For this exercise, output exactly the lines from the opening line of the listing through the line with "Miami Gardens, Florida, USA, June", skipping pictures.
(Collected material Opens)
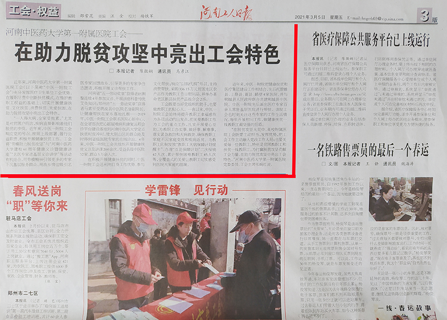 编者按:2021年3月5日,《河南工人日报》以“在助力脱贫攻坚中亮出工会特色 ”为题,报道了一附院工会在助力脱贫攻坚方面的特色与成绩。现全文刊发如下:
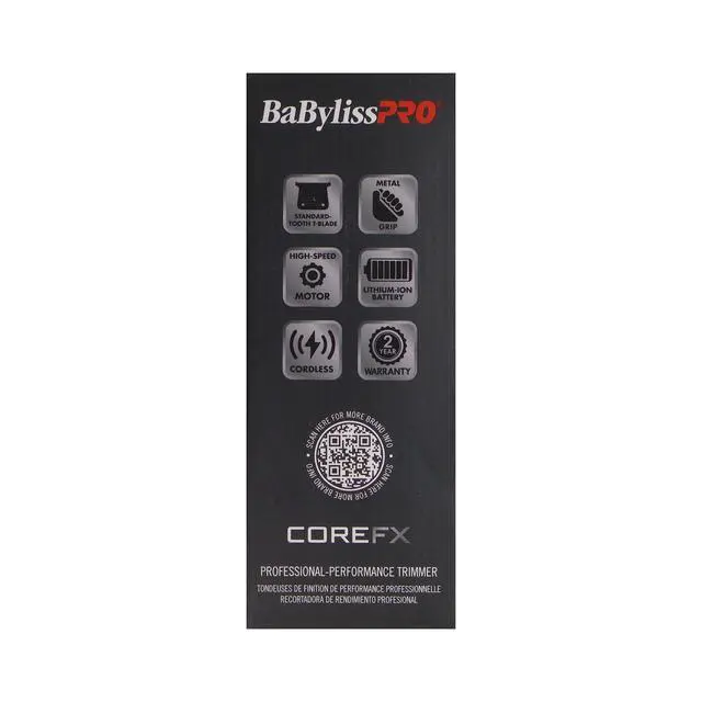 BABYLISSPRO COREFX PROFESSIONAL PERFORMANCE HAIR TRIMMER - FX76 + BABYLISS PRO FADE BRUSH BaBylissPRO® COREFX Trimmer The COREFX Trimmer gives you the power to create clean lines and sharp details, whether youre shaping a beard or finishing a line-up. Its high-speed motor and durable, stainless-steel T-blade deliver precise trimming every time, while the lightweight, cordless design makes it comfortable to handle for long grooming sessions. The COREFX trimmer provides consistent professional power and performance both behind the chair and at home.
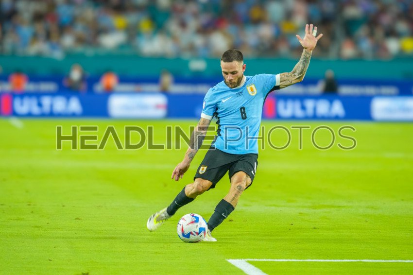 Miami Gardens, Florida, USA, June 20, 2024, Uruguay player Nahitan Nández #8 attempt to score during the 2024 Copa America at the Hard Rock Stadium. (Photo Credit: Marty Jean-Louis)
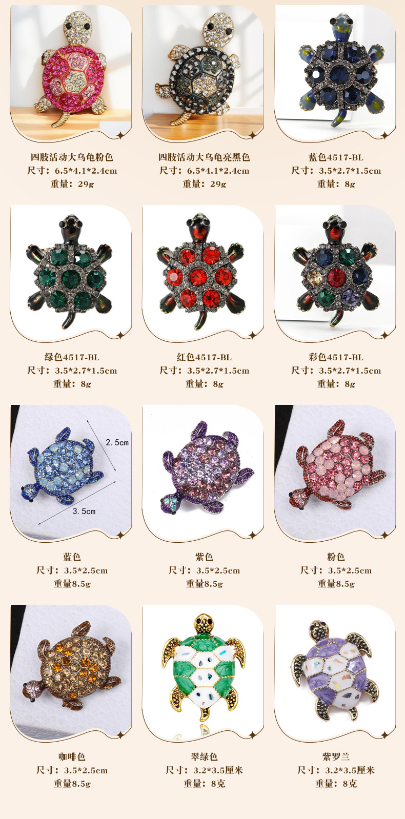 Размер белого цвета: около 5,7* 4cm Вес: 17 грамм; Зеленый размер: около 5,7* 4cm Вес: 17 грамм; Розовый Размер: около 5,7* 4cm Вес: 17 г; Малахитовый зеленый размер: около 5,7* 4cm Вес: 17 грамм; Темно-синий размер: около 5,7* 4cm Вес: 17 грамм; Размер голубого озера: около 5,7* 4cm Вес: 17 грамм; Цвет соответствует маслу темно-синего цвета. Размер: около 6,7 * 5cm Вес: 33,8 грамма.; Ретро-золото Размер: 6,1*4 см Вес: 19,3 г; Ретро-серебро Размер: 6,1*4 см Вес: 19,3 г; Размер древнего серебра: 4,5*3,8 см. Вес: 9,91 г.; Размер имитации золота: 4,5*3,8 см. Вес: 9,91 г.; Размер темного кофе: 3,4*3,3 см. Вес: 10 г.; Размер легкого кофе: 3,4*3,3 см, вес: 10 г.; Размер голубого озера: 3,4*3,3 см. Вес: 10 г.; Синий 4475-BL Размер: 3,5*3,1*1,1 см Вес: 8,2 г; Цвет 4475-BL Размер: 3,5*3,1*1,1 см Вес: 8,2 г; Размер серии с синим бриллиантом: 4,1*4,2*1,7, вес: 19,5 г.; Оливково-зеленый размер: 4,1*4,2*1,7 вес: 19,5 г; Белый размер: 4,1*4,2*1,7 Вес: 19,5 г; Серебристо-белая серия Размер: 4,1*4,2*1,7 Вес: 19,5 г; Цвет шампанского Размер: 4,1*4,2*1,7 Вес: 19,5 г; Размер серебра 5,5*3,2*1,4 см, вес: 11,8 г.; Размер золота 5,5*3,2*1,4 см, вес: 11,8 г.; Размер золота: 7,4*4,9*1,1 см. Вес: 21,9 г.; Размер бриллианта серебра AB: 7,4*4,9*1,1 см. Вес: 21,9 г.; Размер серебряного белого бриллианта: 7,4*4,9*1,1 см, вес: 21,9 г.; Большая черепаха с подвижными конечностями. Синий. Размер: 6,5*4,1*2,4 см. Вес: 29 г.; Большая черепаха с подвижными конечностями. Розовый. Размер: 6,5*4,1*2,4 см. Вес: 29 г.; Большая черепаха с подвижными конечностями, ярко-черного цвета. Размер: 6,5*4,1*2,4 см. Вес: 29 г.; Синий 4517-BL Размер: 3,5*2,7*1,5 см: Вес: 8 г; Зеленый 4517-BL Размер: 3,5*2,7*1,5 см: Вес: 8 г; Красный 4517-BL Размер: 3,5*2,7*1,5 см: Вес: 8 г; Цвет 4517-BL Размер: 3,5*2,7*1,5 см: Вес: 8 г; Синий размер: 3,5*2,5 см, вес 8,5 г.; Фиолетовый размер: 3,5*2,5 см, вес 8,5 г.; Розовый размер: 3,5*2,5 см, вес 8,5 г.; Размер коричневого цвета: 3,5*2,5 см, вес 8,5 г.; Изумрудно-зеленый размер: 3,2* 3.5cm Вес: 8 грамм; Фиолетовый Размер: 3,2* 3.5cm Вес: 8г
(Collected material Closes)
**Exercise output**
 编者按:2021年3月5日,《河南工人日报》以“在助力脱贫攻坚中亮出工会特色 ”为题,报道了一附院工会在助力脱贫攻坚方面的特色与成绩。现全文刊发如下:
 BABYLISSPRO COREFX PROFESSIONAL PERFORMANCE HAIR TRIMMER - FX76 + BABYLISS PRO FADE BRUSH BaBylissPRO® COREFX Trimmer The COREFX Trimmer gives you the power to create clean lines and sharp details, whether youre shaping a beard or finishing a line-up. Its high-speed motor and durable, stainless-steel T-blade deliver precise trimming every time, while the lightweight, cordless design makes it comfortable to handle for long grooming sessions. The COREFX trimmer provides consistent professional power and performance both behind the chair and at home.
 Miami Gardens, Florida, USA, June 20, 2024, Uruguay player Nahitan Nández #8 attempt to score during the 2024 Copa America at the Hard Rock Stadium. (Photo Credit: Marty Jean-Louis)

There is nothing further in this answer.